Using 21st century desktop manufacturing technologies like a computer guided plasma cutter, they perform what Mason calls "DIY power hacking." Computer modeling of combustion processes remains such a complex problem, that it is faster and easier to just cut new parts out of metal and try them in fast build and test cycles. The design advances quickly because all the information is open source, and anyone can participate and offer improvements. People can be authors of their own power systems similar to the way that desktop publishing and the Internet created the information revolution.
All Power Labs now sells what it calls the "Gasifier Experimenters Kit" or GEK. They also offer a Biochar Experimenters Kit -- biochar is a natural byproduct of gasification. On 10-10-10, about 50 GEK and BEK customers were on hand for a workshop to gain hands-on experience in construction, testing and modification of the machines. One part of the crew had stayed up until 2:30am the night before making two kinds of biochar that would be tested in a nearby community garden.
Biochar is a charcoal-based soil amendment that can dramatically increase plant growth. Biochar also sequesters carbon because plants absorb carbon dioxide from the atmosphere as they grow. If you burn a plant or let it rot or compost, all the CO2 returns to the atmosphere. But if you bake it and burn only the gas that comes out of it, you are left with charcoal that lasts for hundreds to thousands of years without breaking down, effectively sequestering carbon from the atmosphere.

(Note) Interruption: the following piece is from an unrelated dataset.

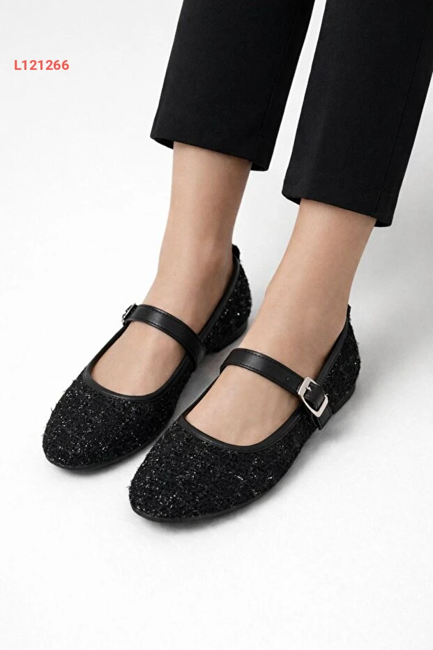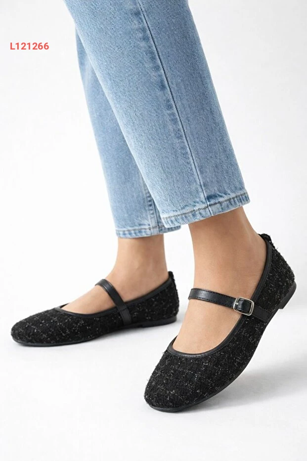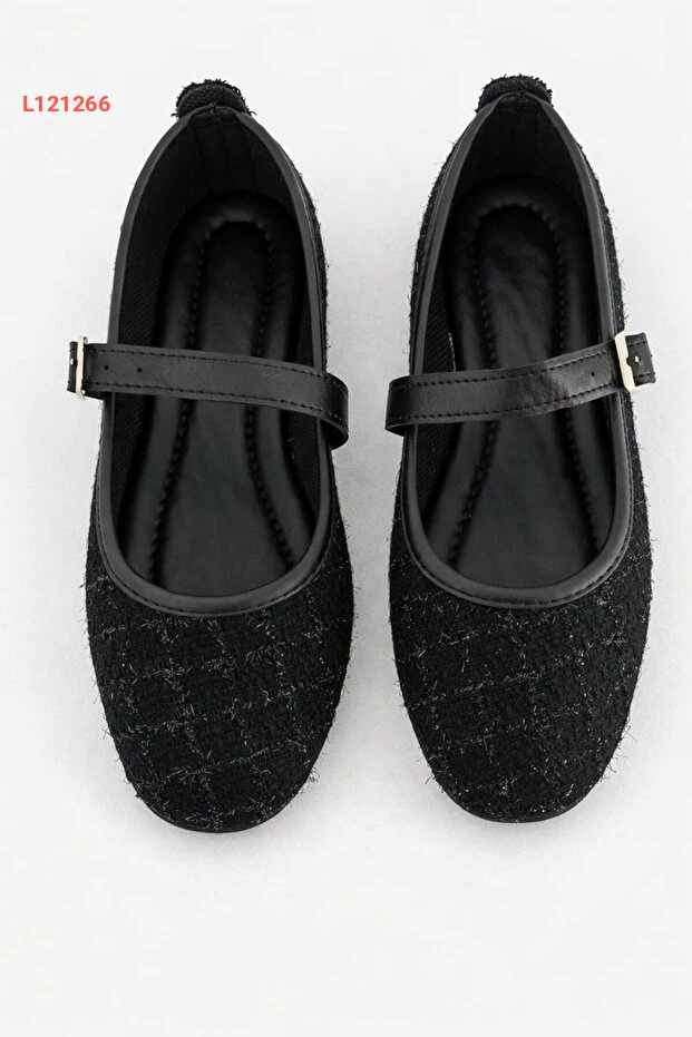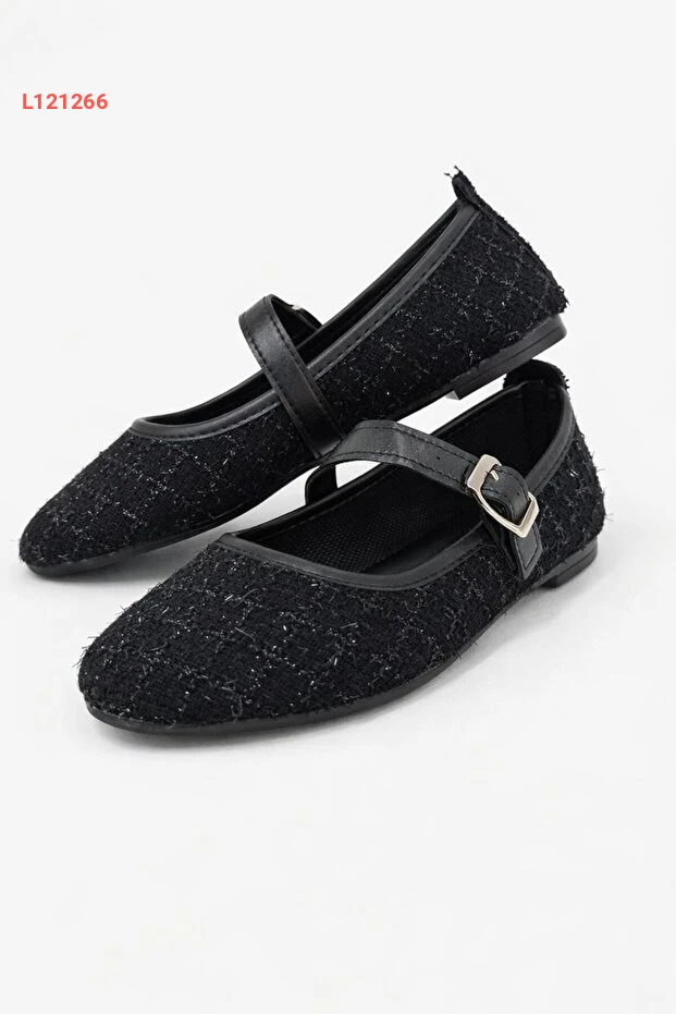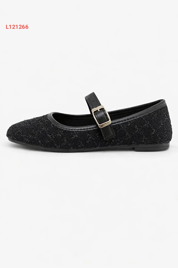 حذاء ماري جان أنيق بتوكه من قماش توفيت الأسود بقاعدة مريحة للارتداء اليومي

Jim Fournier, CEO of Biochar Engineering Corporation, told the 10-10-10 work party that biochar is one of the only ways we have to actually remove carbon from the atmosphere and soon we are going to feel a lot of urgency to do that. Events like the floods in Pakistan, fires in Russian and the recent extreme heat in Los Angeles are just a taste of what's in store for us. Historically, our atmosphere has had less than 300ppm of CO2. We may go to 450ppm or higher before we are able to get off of coal and oil. Because it takes about 100 years for natural processes to remove CO2 from the atmosphere, we have to find ways to help nature along. Biochar is one of those ways.

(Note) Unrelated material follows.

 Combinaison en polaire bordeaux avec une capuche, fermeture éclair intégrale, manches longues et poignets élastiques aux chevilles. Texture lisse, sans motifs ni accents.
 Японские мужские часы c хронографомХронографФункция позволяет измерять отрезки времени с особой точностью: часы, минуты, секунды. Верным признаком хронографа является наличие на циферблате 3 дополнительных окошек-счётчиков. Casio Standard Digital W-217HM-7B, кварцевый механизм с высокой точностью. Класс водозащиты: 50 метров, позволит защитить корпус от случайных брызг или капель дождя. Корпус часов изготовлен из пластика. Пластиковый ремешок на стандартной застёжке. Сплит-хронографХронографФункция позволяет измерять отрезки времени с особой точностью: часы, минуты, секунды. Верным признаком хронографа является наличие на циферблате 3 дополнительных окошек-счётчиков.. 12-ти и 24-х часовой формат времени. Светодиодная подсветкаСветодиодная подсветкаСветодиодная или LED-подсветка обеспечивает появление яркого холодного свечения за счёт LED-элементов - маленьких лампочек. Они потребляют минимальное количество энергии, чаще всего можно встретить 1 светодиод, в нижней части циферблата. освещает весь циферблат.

Fournier said that one ppm of atmospheric CO2 is roughly equivalent to 3 gigatons (Gt) of carbon and that biochar could remove at most 2 Gt per year. So even with help from biochar, we can only remove about a half of a ppm of CO2 from our atmosphere annually. We have dug ourselves into a very deep hole. It is past time to grab shovels and start digging ourselves back out.

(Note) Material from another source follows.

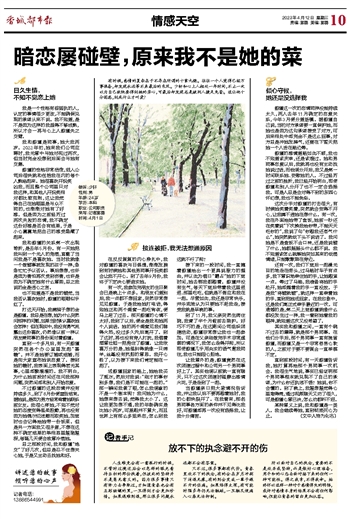 当韵瑾亲口把大致情况告诉我,并让我以后不要再跟着她时,我的心都快裂开了。在我看来,那名男同事各方面的条件并不见得比我好,可韵瑾却再一次没有选择我,让我十分痛苦。
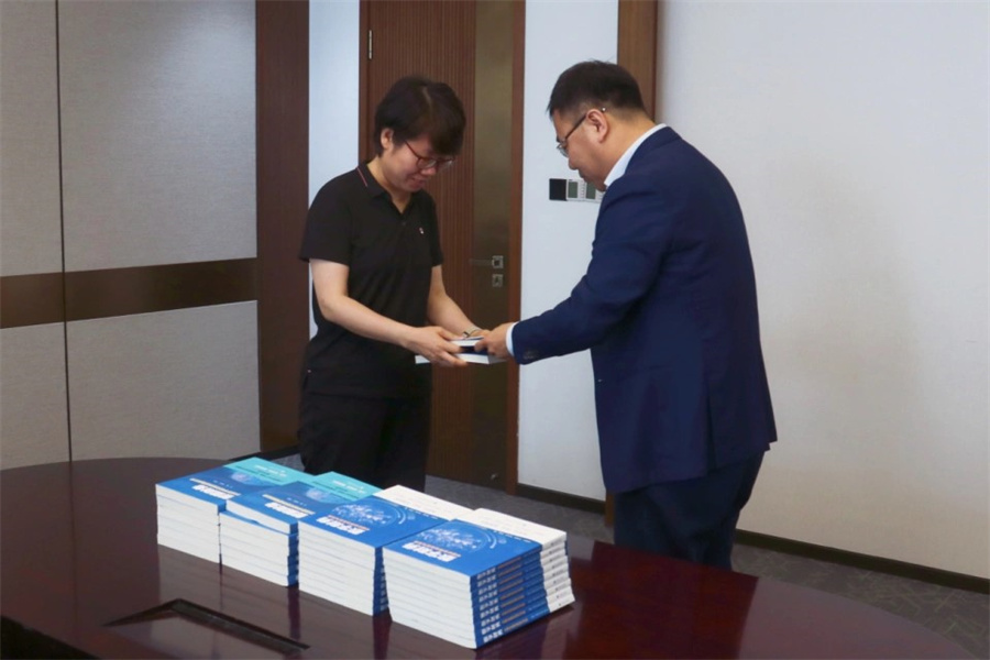 赠书仪式上,企业发展部总监舒炳鑫对金蝶青岛分公司总经理刘晓男、客户经理卢爱琴的到来表示欢迎,感谢其赠书筑梦,与渤海共同成长。后续这些书籍将派送至各子公司,希望大家认真研读,为渤海接下来的财务共享做好充分准备。

On the morning of 10-10-10 we delivered two barrels of biochar to the community garden. I described my own experiments with biochar and cautioned the gardeners that because fresh biochar can act like raw compost, in the first year after adding biochar to soil it is important to add plenty of nitrogen as well -- urine being my preferred source. Immediately someone produced a stack of drink cups, and we all trooped off to the bathroom to fill the cups with liquid gold in true DIY spirit.
Kelpie Wilson works as the Communications Editor for the International Biochar Initiative, a non-profit organization that supports the community of people working to implement biochar systems.